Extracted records
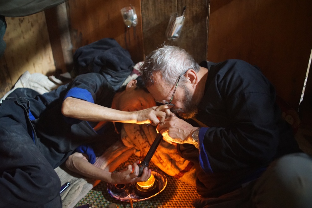 Chvilku tvrdil, že u nich opium už dávno není, a kroutil se, že se pěstování drog v zemi tvrdě trestá. Nakonec ale přiznal, že tři kuřáky zná, a vzal mě do jedné chýše. Tam byl chlapík s překrásným nádobíčkem na tácku, jak ho znám ze starých fotografií z dob Francouzské Indočíny. A prý že zrovna nemá co kouřit. Tak jsem mu strčil asi stovku a za chvilku byl balíček na místě. Chlapík nejprve naplnil opiovou lampu sádlem, začal něco roztloukat, třít a míchat – no byl to proces. A já jsem šťastně fotil a fotil a on zářil. Taky se není čemu divit: Kdy se komu poštěstí si zafetovat a dostat zaplaceno? (Směje se.)
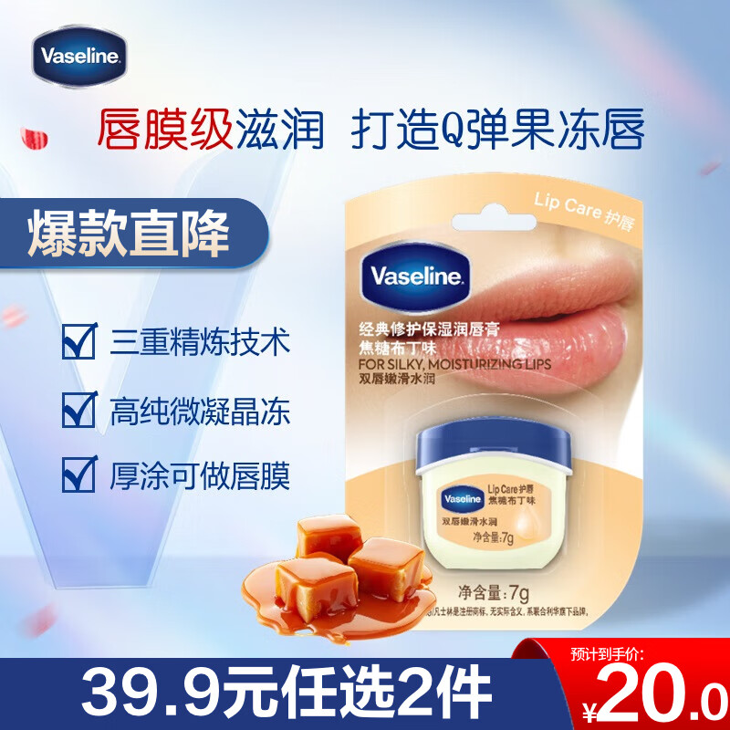 凡士林润唇膏7g焦糖布丁男女润唇晶冻唇膜保湿修护礼物 有效期27年10月
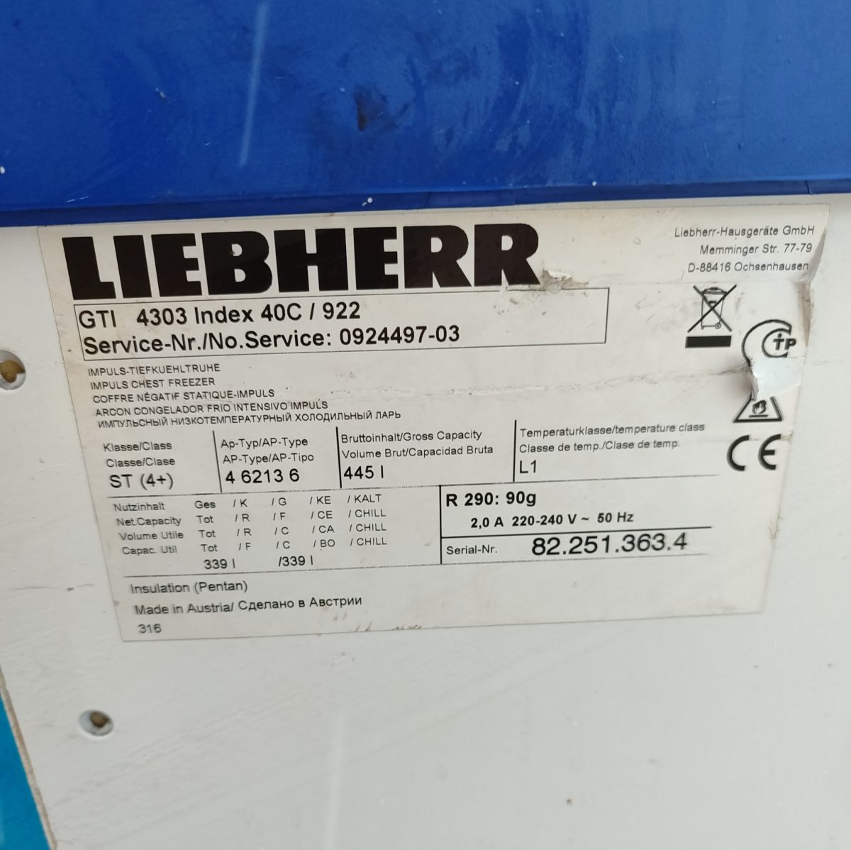 Морозильный ларь Liebherr GTI 4303 предназначен для демонстрации, заморозки и длительного хранения продуктов и полуфабрикатов на предприятиях общественного питания и торговли. Модель оснащена раздвижной крышкой из прямого стекла. Корпус выполнен из стали, покрытой порошковой краской, внутренняя часть корпуса – из алюминия, устойчивого к коррозии и механическим царапинам, рама – из ABS-пластика.
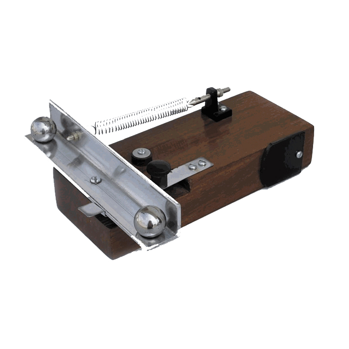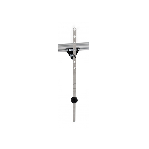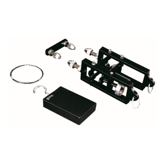 Simple form but efficient. Consist of a brass scale 10 cms. long and vernier to read 1/10mm with V slides clamps, guides for wire ceiling attachment and tension weight.
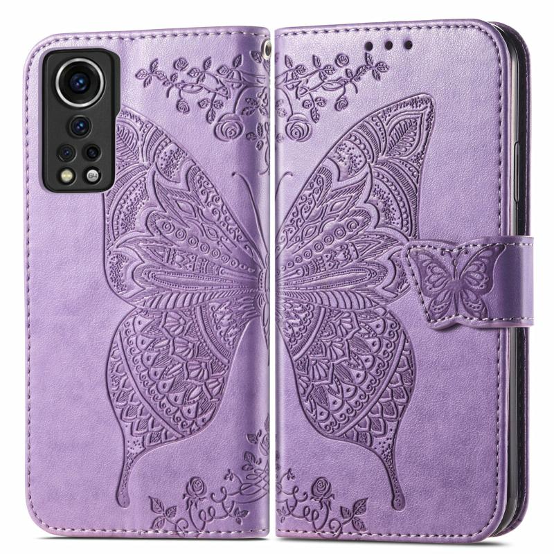 For ZTE Axon 30 5G Butterfly Love Flower Embossed Horizontal Flip Leather Case with Holder & Card Slots & Wallet & Lanyard(Light Purple)
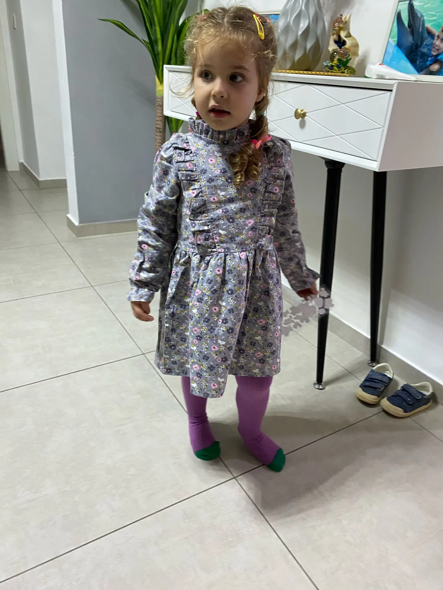 Платье ОБАЛДЕННОЕ!!! Нежная, мягкая фланель. Сзади застегивается на молнию, спереди для декора просто пришиты 3 пуговички. Описание, размерная таблица и фото продавца соответствуют. Брала 2 платья: бордовое - 3Т (длина платья 52 см, рукав 39 см) и серое - 4Т (на вырост; длина платья 60 см, рукав 45 см). Бордовое 3Т идеально подошло дочке 2.6 лет, рост 98, вес 14.5 кг. Прям в самый раз! Будем с удовольствием носить. Девочки, смело покупайте! Качество на высоте, фабричный пошив. Доставка в Польшу около 2 недель.

- GOAL OF THE EXERCISE -
The required output is every line from the one containing "Simple form but" through the last line of the data above, restated exactly and without pictures.

- EXERCISE RESULT -
 Simple form but efficient. Consist of a brass scale 10 cms. long and vernier to read 1/10mm with V slides clamps, guides for wire ceiling attachment and tension weight.
 For ZTE Axon 30 5G Butterfly Love Flower Embossed Horizontal Flip Leather Case with Holder & Card Slots & Wallet & Lanyard(Light Purple)
 Платье ОБАЛДЕННОЕ!!! Нежная, мягкая фланель. Сзади застегивается на молнию, спереди для декора просто пришиты 3 пуговички. Описание, размерная таблица и фото продавца соответствуют. Брала 2 платья: бордовое - 3Т (длина платья 52 см, рукав 39 см) и серое - 4Т (на вырост; длина платья 60 см, рукав 45 см). Бордовое 3Т идеально подошло дочке 2.6 лет, рост 98, вес 14.5 кг. Прям в самый раз! Будем с удовольствием носить. Девочки, смело покупайте! Качество на высоте, фабричный пошив. Доставка в Польшу около 2 недель.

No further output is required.